Pictures stay out of the copy. Retype exactly the lines below from the one with "兒童爵士舞服裝帥氣西服街舞演出服套裝女孩嘻哈hiphop走秀舞台潮" through the one with "The maximum value".

[Start of section]

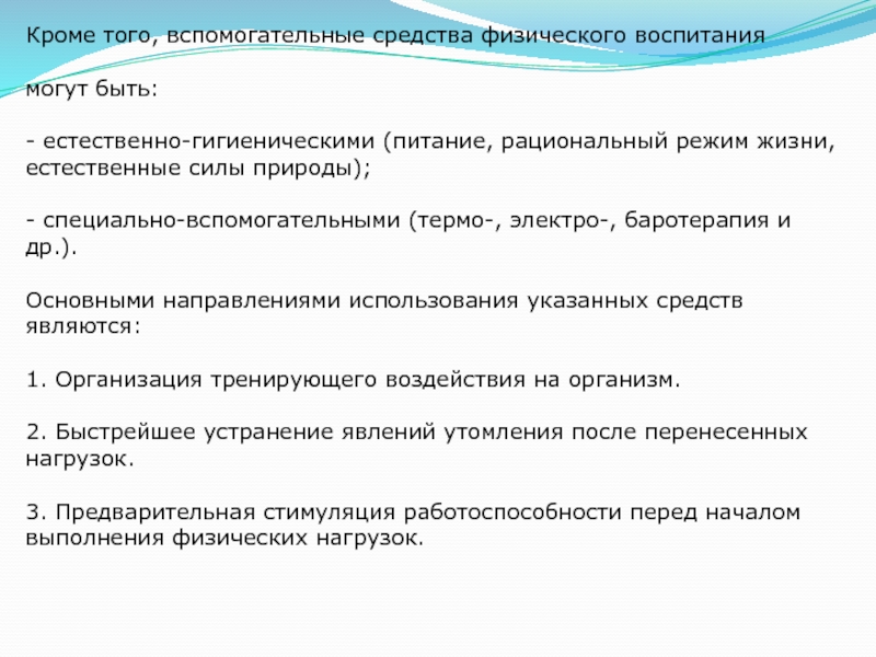 Вспомогательные средства физического воспитания – оздоровительные силы природы делятся по
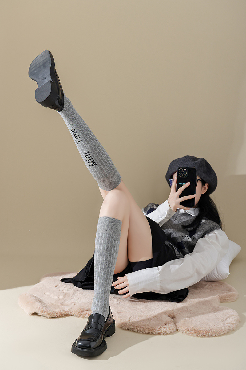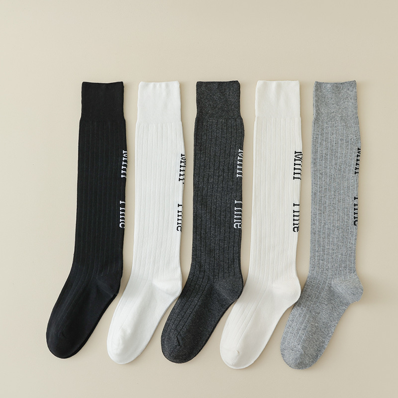 작은 다리 양말 여성용 봄과 가을 얇은 편지 양말 온라인 인기 JK 스타일 유행 여성 양말 수직 더미 양말 흑백 회색스토어 가기
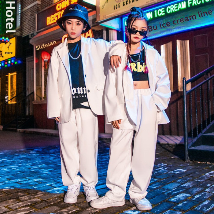 兒童爵士舞服裝帥氣西服街舞演出服套裝女孩嘻哈hiphop走秀舞台潮
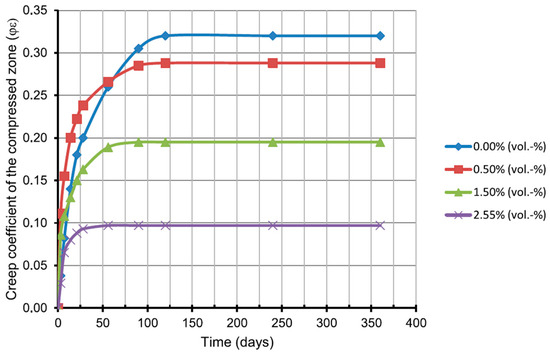 The maximum value of the creep coefficient from the compressed zone, at 360 days, was 0.32 for the beam without steel-fiber additions, while in the case of the beam with 2.55% (vol.-%), steel-fiber addition was 0.097, which means a decrease of 70% (Figure 6). The differences between beams with percentages of 0.50%, 1.50%, and 2.55% (vol.-%) steel-fibers were about 30%. This can be related to the moment of inertia of the cross-section, which increases with the increase in the steel-fiber addition from 0.50% (vol.-%) to 2.55% (vol.-%). This fact directly influenced the instant and long-term deflection because of the increasing stiffness.
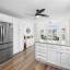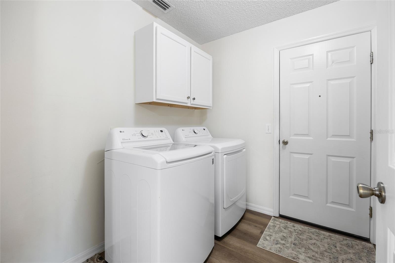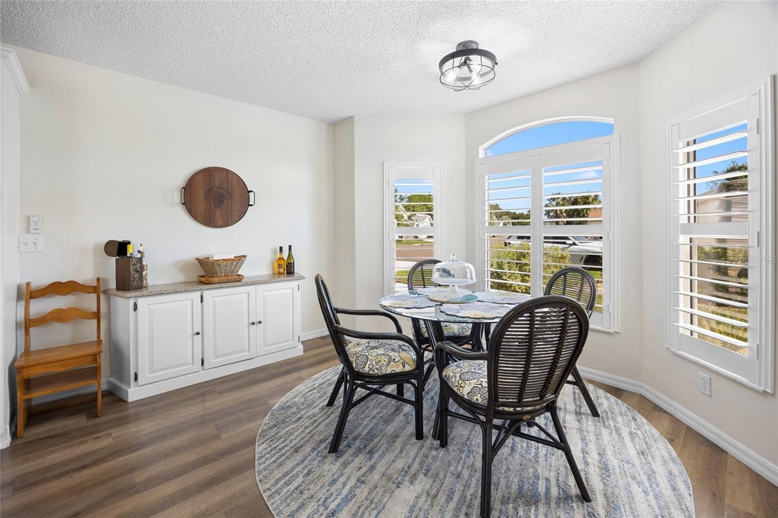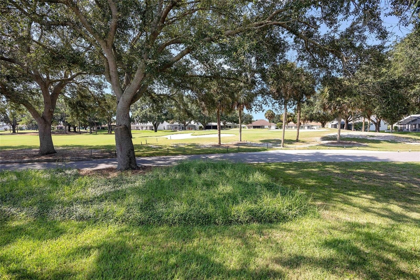 Welcome home to this enhanced Cypress (Vera Cruz) model OVERLOOKING the 8th green of the par 3 on the Hacienda Hills Lakes CHAMPIONSHIP GOLF COURSE. Your new home is in THE VILLAGE of Hacienda South nestled between Spanish Springs and Lake Sumter Landing. The Multimodal path is right behind the home giving you easy access to walking, jogging, bird watching, bike riding and golf cart touring as well as access to town squares and all the recreational offerings. This home is close to medical services, restaurants, and two different squares for shopping, dining and nightly entertainment, all by golf cart. Coming in just under 2000 sq/ft, this home has been meticulously maintained and is ready for you to begin your new adventure in The Villages. NO BOND~ NEW ROOF 2020 ~ NEW HVAC 2022 ~ DEEP GARAGE 24 and 1/2 FEET.... Luxury Vinyl Plank – NO CARPET. NEW garage door and opener, NEW front storm door. Stainless Appliances - PLANTATION SHUTTERS throughout. New whole house water filtration system. Solar tubes keep everything LIGHT and BRIGHT. Soft close cabinets in the kitchen where you'll find 2 additional rows of cabinetry for extra storage. QUARTZ countertops and cabinet pull-outs round out the kitchen upgrades. The primary owner suite has 2 walk-in closets - bathroom has plentiful cabinets, luxurious jetted tub along with a shower and double vanity with plenty of counter space and lots of natural lighting. The den overlooks the golf course with a custom closet organizer. Enter the rear lanai through leaded glass door - covered lanai with volume ceilings and cricket gutters drainage with an open screen area to enjoy the beautiful scenery and occasional good shot. The laundry room is inside and features a crafts table or desk. Outside, you'll find pleasing landscaping with lush green grass, Florida palms and a beautiful view of the golf course.
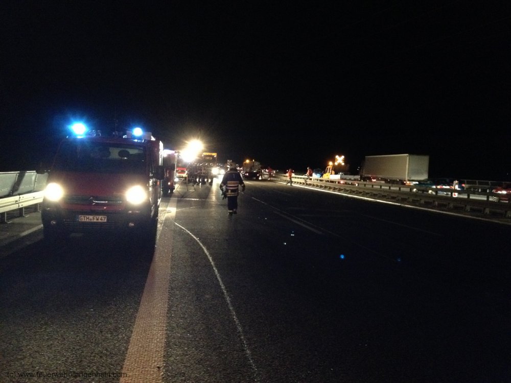 Aufgrund der über mehrere Fahrspuren ausgedehnten Unfallstelle wurden die Feuerwehren Wahlwinkel und Langenhain nachalarmiert. Die Kräfte der Stützpunktwache sowie der Rettungsdienst waren bereits vor Ort.

[End of section]

> **Response to this exercise**:
 兒童爵士舞服裝帥氣西服街舞演出服套裝女孩嘻哈hiphop走秀舞台潮
 The maximum value of the creep coefficient from the compressed zone, at 360 days, was 0.32 for the beam without steel-fiber additions, while in the case of the beam with 2.55% (vol.-%), steel-fiber addition was 0.097, which means a decrease of 70% (Figure 6). The differences between beams with percentages of 0.50%, 1.50%, and 2.55% (vol.-%) steel-fibers were about 30%. This can be related to the moment of inertia of the cross-section, which increases with the increase in the steel-fiber addition from 0.50% (vol.-%) to 2.55% (vol.-%). This fact directly influenced the instant and long-term deflection because of the increasing stiffness.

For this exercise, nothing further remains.